Die Wahl des operativen Zugangs und der Operationsmethode richtet sich nach der Beschaffenheit und der Lage der Raumforderung. Ziel der Planung ist, den entsprechenden operativen Zugangsweg so minimal wie möglich zu gestalten.

Die Eingriffe erfolgen mikroskopisch und/oder endoskopisch. Bei entsprechender Indikation wird die Operation computerassistiert, das heißt mit Hilfe eines Navigationssystems durchgeführt. Zusätzlich kann während der Operation ein Monitoring von Hirnnervenfunktionen erfolgen.

Durch die interdisziplinäre Zusammenarbeit und die modernen Methoden können auch große Eingriffe an der Schädelbasis ohne bleibende Schäden oder mit nur geringen Beeinträchtigungen für den Patienten durchgeführt werden.
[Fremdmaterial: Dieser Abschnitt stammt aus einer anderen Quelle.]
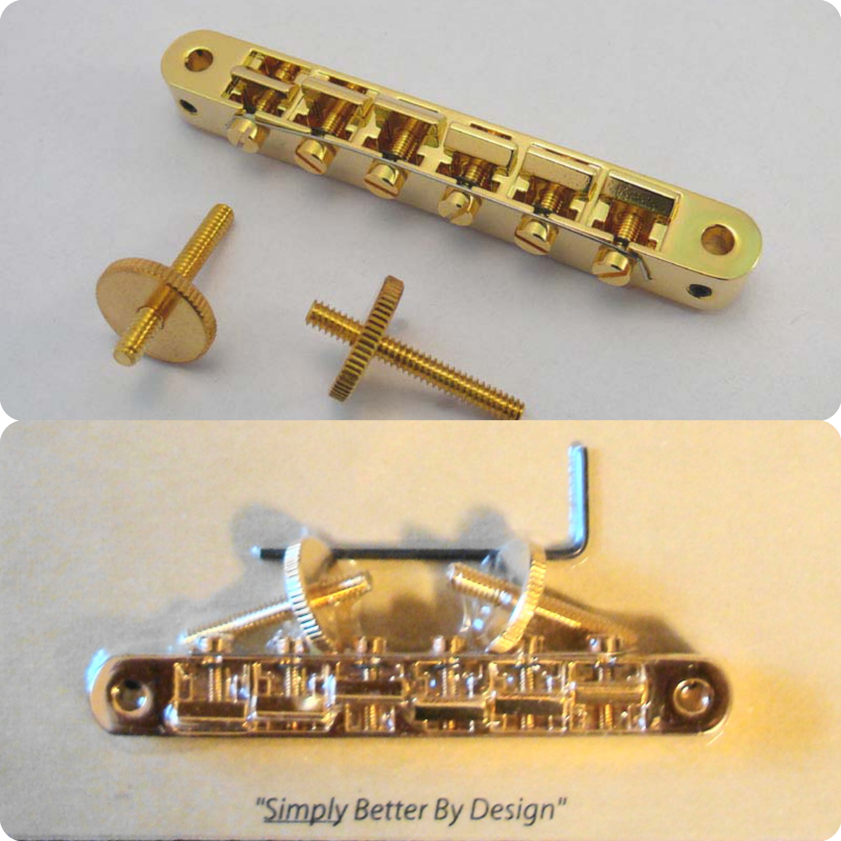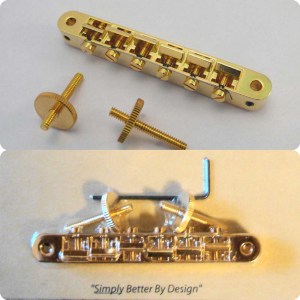 This model is the exact replacement for the bridges found on older or vintage instruments originally fitted with ABR-1 style bridges. This locking model has the complete appearance of the vintage part, but has many upgrades including more intonation range, and saddles that are “engineered in” solid, preventing “lift” against the retainer wire. Retrofit for most Vintage and reissued USA guitars without modification. Extra tight construction eliminates rattles and improves sustain.

Mögliche Komplikationen und Risiken bei einer Schädelbasistumor-Operation

Bereits anhand der anatomischen Nähe zu Hirnnerven, Gefäßen und/oder Hirnstamm erklären sich einige Operationsrisiken. Bedrängt oder ummauert ein Tumor einen Hirnnerven, kann er diesen primär schädigen.
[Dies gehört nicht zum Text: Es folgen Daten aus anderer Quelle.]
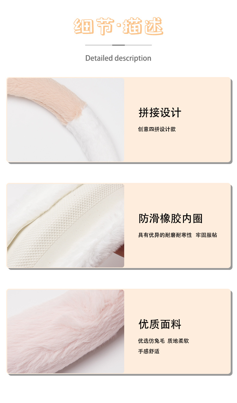 • 토끼 모피 4 섹션 핸들 세트 핑크 화이트
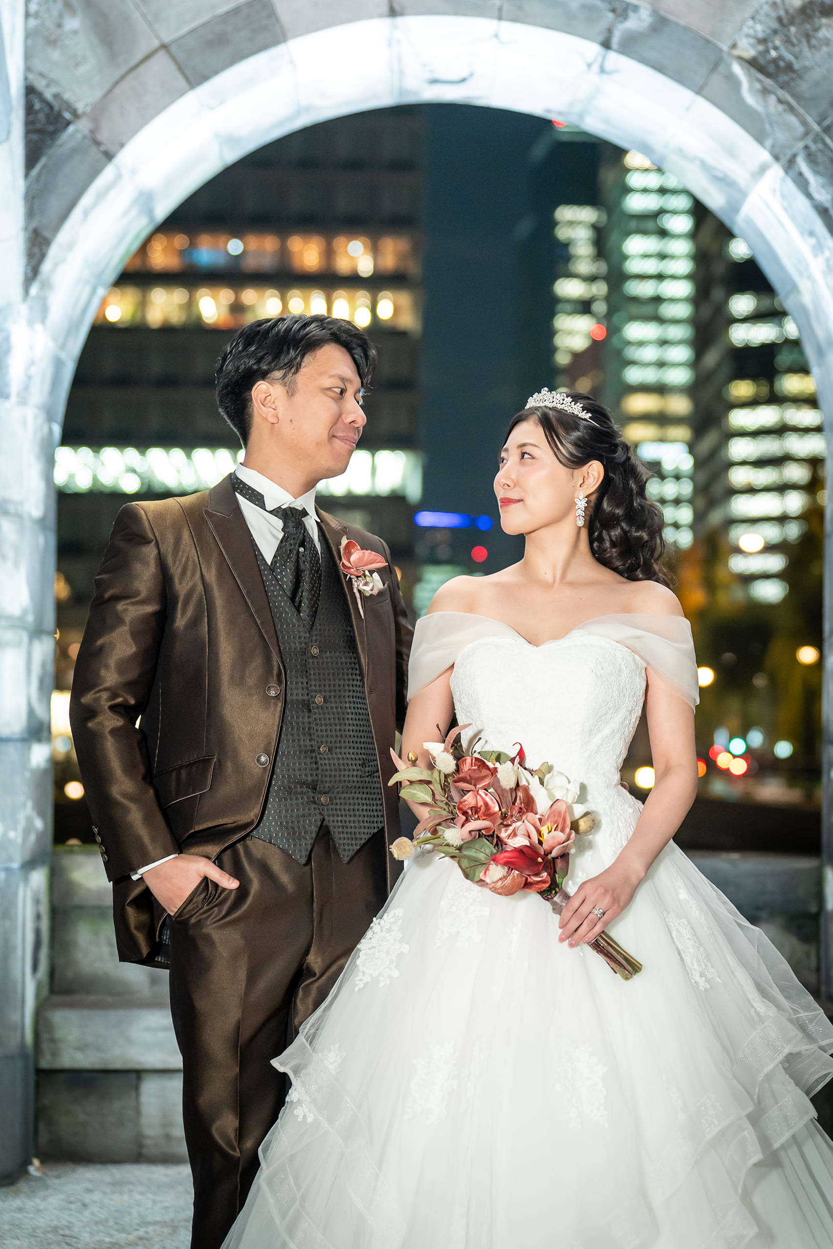この度は、数あるスタジオの中から当スタジオをお選びいただき、また心のこもったご感想をお寄せいただき誠にありがとうございます。 料金設定やプラン内容についてご安心いただけたとのこと、大変嬉しく拝見いたしました。最初にご案内している価格内で、ヘアメイク・小物・アテンドまで含まれている点や、ドレスのグレードアップ料金がかからない点は、安心して撮影当日を迎えていただきたいという私たちの想いでもございます。その点を評価していただけたこと、スタッフ一同大きな励みとなっております。 ヘアメイクにつきましても、事前のヒアリングや仕上がりにご満足いただけたとのこと、担当スタッフも大変喜んでおります。夜撮影に映えるメイクや、お客様の雰囲気に合わせたご提案ができたことを光栄に思います。また、撮影中の進行やカットのご提案についてもお褒めのお言葉をいただき、誠にありがとうございます。 衣装や小物に関しても、追加のご準備なく撮影を楽しんでいただけたとのこと、安心いたしました。おふたりにとって大切な一日を、リラックスして楽しんでいただけたのであれば何よりでございます。 今後も価格以上の満足をご提供できるよう、サービス・品質ともに努めてまいります。この度は誠にありがとうございました。おふたりの末永いお幸せを、スタッフ一同心よりお祈り申し上げます。
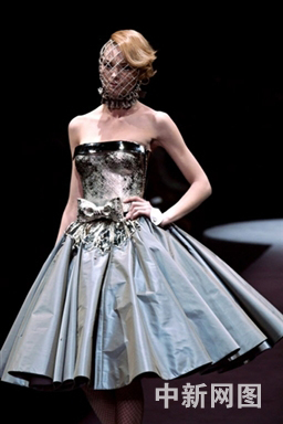 为期一周的巴黎2006-07秋冬成衣展于2006年2月27日在法国首都巴黎开幕。图为一名模特在展示荷兰设计师 Viktor & Rolf 的作品。

Durch eine Operation kann es ggf. zu einer Verschlechterung oder zum kompletten Ausfall der Funktion des betroffenen Nervs oder benachbarter Hirnnerven kommen. Somit gehören Hirnnervenausfälle wie

  • Sehstörungen bis hin zur Blindheit,
  • Riech- und Geschmacksstörungen,
  • Gesichts- und Augenmuskellähmungen mit Doppelbildern und
  • andere bereits unter den Symptomen aufgeführte Beschwerden

zu den häufigen Komplikationsmöglichkeiten einer Schädelbasisoperation.

Da Tumore der Schädelbasis oft sehr stark durchblutet sind, kann es zu Blutungen und Nachblutungen kommen. Des Weiteren können auch Gefäße von Tumoren umwachsen sein und somit bei der Präparation neben Blutungen auch Gefäßverschlüsse mit Infarkten entstehen.

Zusätzlich kann es bei Prozessen, die die harte Hirnhaut überschreiten, schwierig sein, diese zu rekonstruieren. Folge kann ein Austritt von Hirnwasser, eine sog. Liquorfistel sein, die einer weiteren operativen Versorgung bedarf. Hinzu kommen ebenfalls noch allgemeine Risiken wie Infektionen, Wundheilungsstörungen, Thrombosen und Embolien.

Nachbehandlung nach der Schädelbasistumor-Operation

Aufgrund des oftmals ausgedehnten Tumorwachstums (z.B. in den Sinus cavernosus) ist bei einigen Patienten eine komplette operative Resektion nicht möglich. Je nach Diagnose und Wachstumsverhalten des Tumors erfolgt nach operativer Tumormassenreduktion eine Nachbehandlung.

Bei Tumoren der Schädelbasis steht die Strahlentherapie im Vordergrund. Je nach Tumorentität kann diese als intensitätsmodulierte Radiotherapie oder als Schwerionentherapie erfolgen. Bei Karzinomen erfolgt in Abstimmung mit der Grunderkrankung oft eine Chemotherapie und / oder Bestrahlungstherapie.